Para completar, estudiosos criticaram referências históricas do desfile. A comissão de frente, que foi elogiada, tinha imagens do homem de Neandertal, que, segundo a antropóloga Alba Zaluar afirmou ao jornal O Globo, nunca pisou na África, continente berço do Homo Sapiens. Ela classificou o desfile de "África estereotipada".
Financiamento das escolas é debate antigo
Não é a primeira vez que se discute os patrocínios escusos para as escolas de samba. Para citar alguns exemplos, em 2006 a Vila Isabel recebeu apoio do governo Hugo Chávez para o enredo campeão, o Salgueiro já foi apoiado por uma revista de celebridades há dois anos e, em 2004, recebeu dinheiro de usineiros da cana-de-açúcar.
Além disso, há a verba dos direitos de transmissão da Rede Globo, a bilheteria da Sapucaí e o apoio governamental (do Estado e da prefeitura do Rio de Janeiro), afora as leis de incentivo federais.
É senso comum que esta grande tradição foi construída com dinheiro ilícito, do jogo do bicho, do tráfico, entre outros. Em entrevista ao programa Timeline, da Rádio Gaúcha, Neguinho da Beija-Flor foi claro e irônico.
- Eu sou do tempo que desfile de escola de samba era uma bagunça. Se não fosse o dinheiro da contravenção, hoje não teríamos o maior espetáculo audiovisual do planeta. Agradeça à contravenção - disse, ao reforçar que todas as escolas recebem dinheiro sujo.
Mas precisaria? Para o pesquisador Jackson Raymundo, que pesquisou o Carnaval de Porto Alegre em tese na UFRGS, o Carnaval deveria contar com mecanismos de financiamento efetivos, republicanos e transparentes.
- Temos que defender transparência, financiamento lícito, mas também dizer que é culturalmente importante não aplaudir sem debate quando prefeituras decidem cortar verbas - defende.

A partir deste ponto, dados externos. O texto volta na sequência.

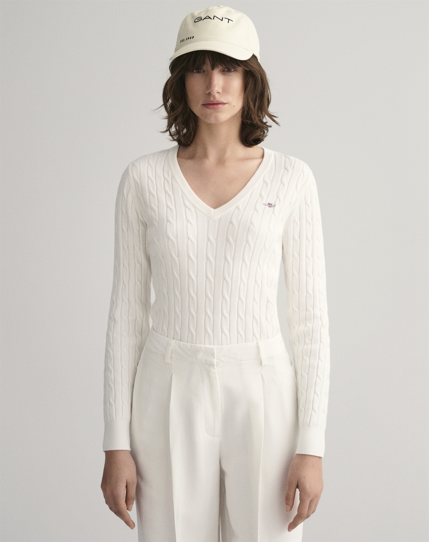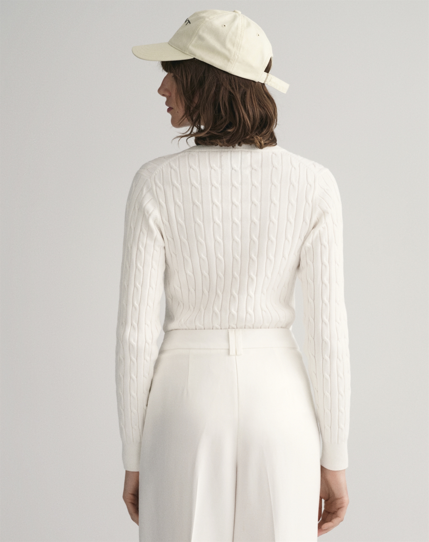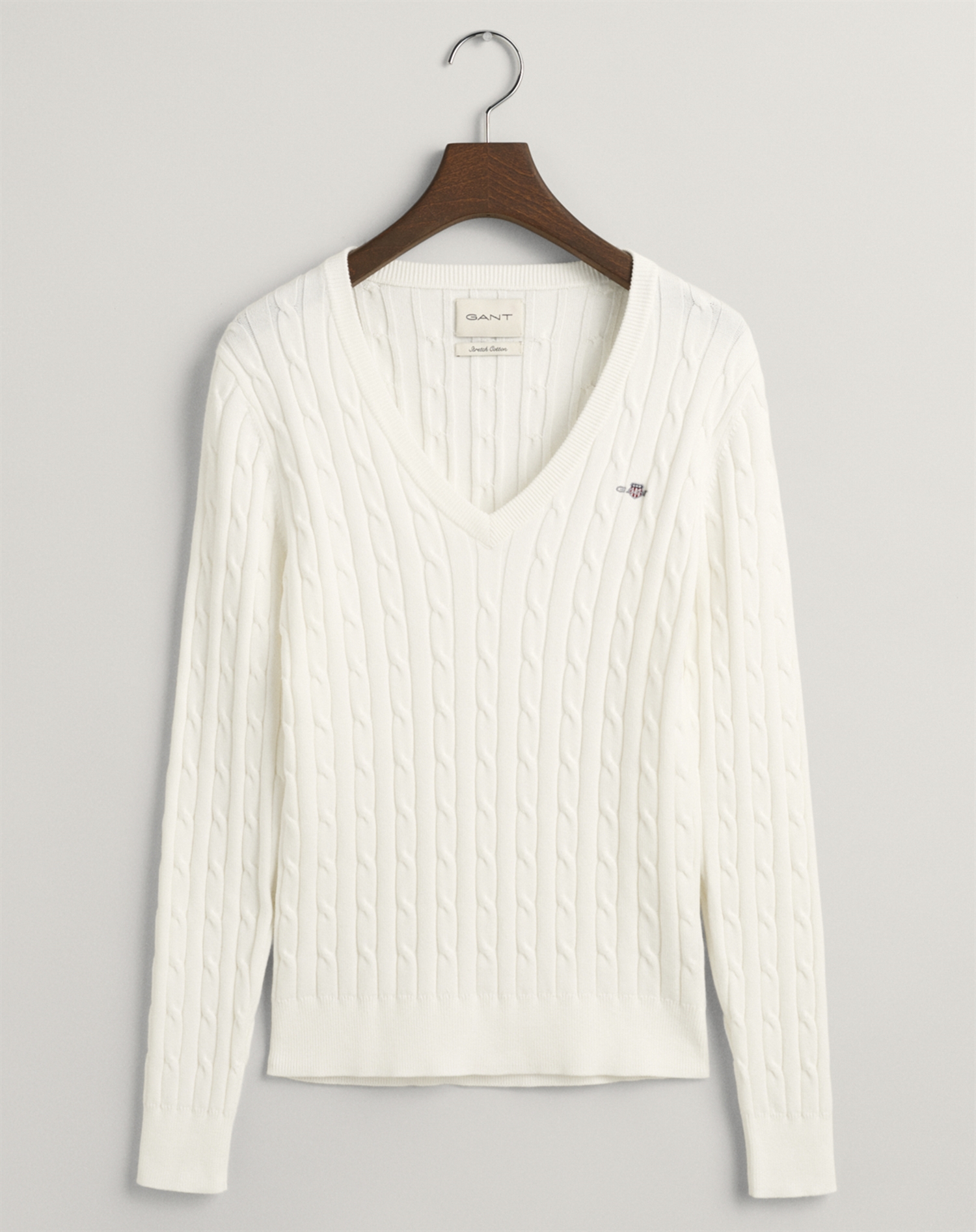 Gant - Cable V-Neck Strik - Eggshell

Para Felipe Ferreira, professor do Instituto de Artes da Universidade Estadual do Rio de Janeiro, o debate do financiamento é latente.
- Acho que fora do Carnaval, das notas e do julgamento, devemos tentar discutir essas questões. Esses patrocínios são muito predadores. Não precisariam ser uma louvação ao patrocinador, poderia ser uma associação do nome à entidade. Poderiam ter falado apenas da África, por exemplo - diz.